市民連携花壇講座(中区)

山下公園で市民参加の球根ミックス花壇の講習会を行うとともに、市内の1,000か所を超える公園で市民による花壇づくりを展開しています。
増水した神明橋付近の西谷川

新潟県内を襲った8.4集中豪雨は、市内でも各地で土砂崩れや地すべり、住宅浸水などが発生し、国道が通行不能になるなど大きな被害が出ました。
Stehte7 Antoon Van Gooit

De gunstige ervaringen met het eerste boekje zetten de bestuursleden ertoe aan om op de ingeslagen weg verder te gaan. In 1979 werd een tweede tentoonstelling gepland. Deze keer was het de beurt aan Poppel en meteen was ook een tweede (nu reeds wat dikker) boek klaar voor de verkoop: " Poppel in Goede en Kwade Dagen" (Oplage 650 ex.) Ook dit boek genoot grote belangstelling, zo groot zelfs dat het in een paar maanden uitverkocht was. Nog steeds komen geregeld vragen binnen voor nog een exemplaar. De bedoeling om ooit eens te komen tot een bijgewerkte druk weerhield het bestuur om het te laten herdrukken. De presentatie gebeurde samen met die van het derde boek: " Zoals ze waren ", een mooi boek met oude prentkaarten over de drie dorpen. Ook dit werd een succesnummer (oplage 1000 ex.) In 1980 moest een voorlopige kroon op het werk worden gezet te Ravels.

--

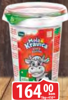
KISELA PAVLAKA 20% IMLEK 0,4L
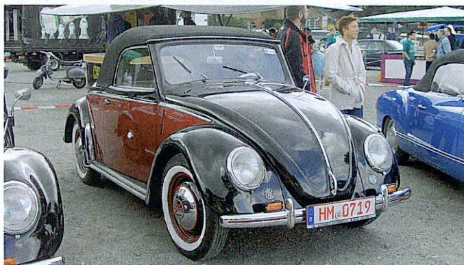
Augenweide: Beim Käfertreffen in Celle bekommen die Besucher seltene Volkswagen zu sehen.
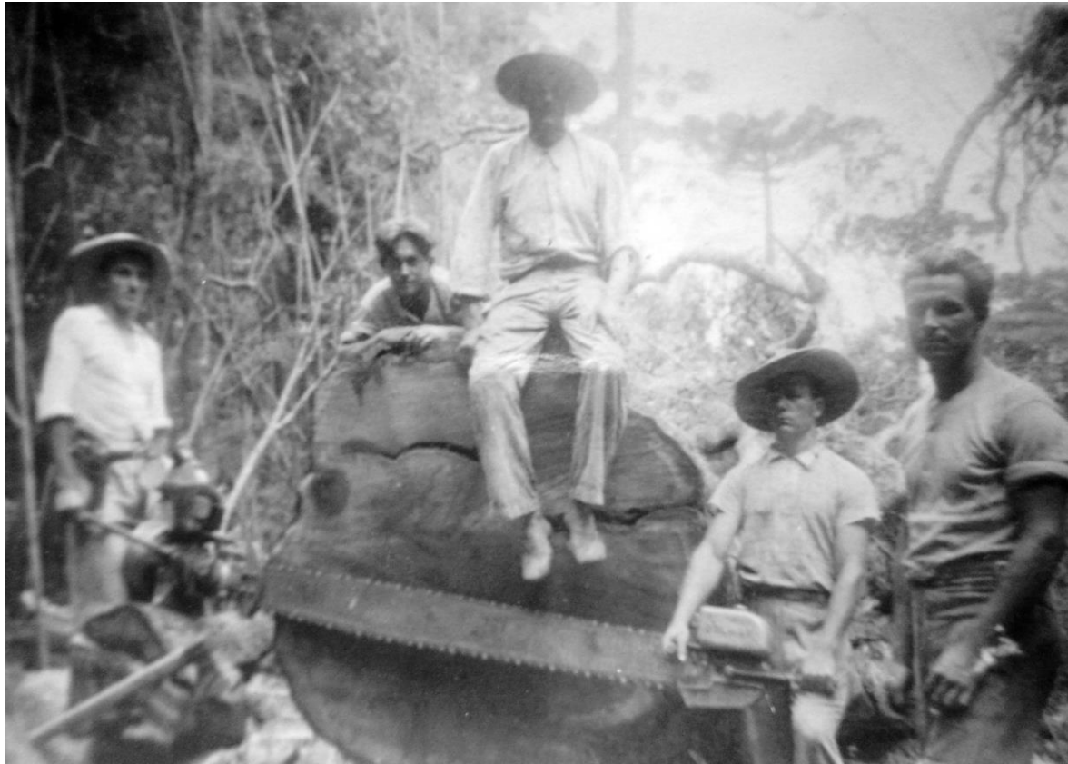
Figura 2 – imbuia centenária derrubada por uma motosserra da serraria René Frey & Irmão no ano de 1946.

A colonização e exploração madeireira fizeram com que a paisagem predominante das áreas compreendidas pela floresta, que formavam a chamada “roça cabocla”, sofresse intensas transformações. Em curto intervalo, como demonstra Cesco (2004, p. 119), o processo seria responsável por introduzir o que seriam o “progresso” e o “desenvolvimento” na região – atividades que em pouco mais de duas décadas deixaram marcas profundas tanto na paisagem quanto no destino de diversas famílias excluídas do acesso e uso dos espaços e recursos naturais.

Exercise requirements » Produce an exact reproduction of the listing above, limited to the lines starting at the line with "Augenweide: Beim Käfertreffen" and ending at the line with "Figura 2 – imbuia", both kept, with every picture left out.

Solution to this exercise »
Augenweide: Beim Käfertreffen in Celle bekommen die Besucher seltene Volkswagen zu sehen.
Figura 2 – imbuia centenária derrubada por uma motosserra da serraria René Frey & Irmão no ano de 1946.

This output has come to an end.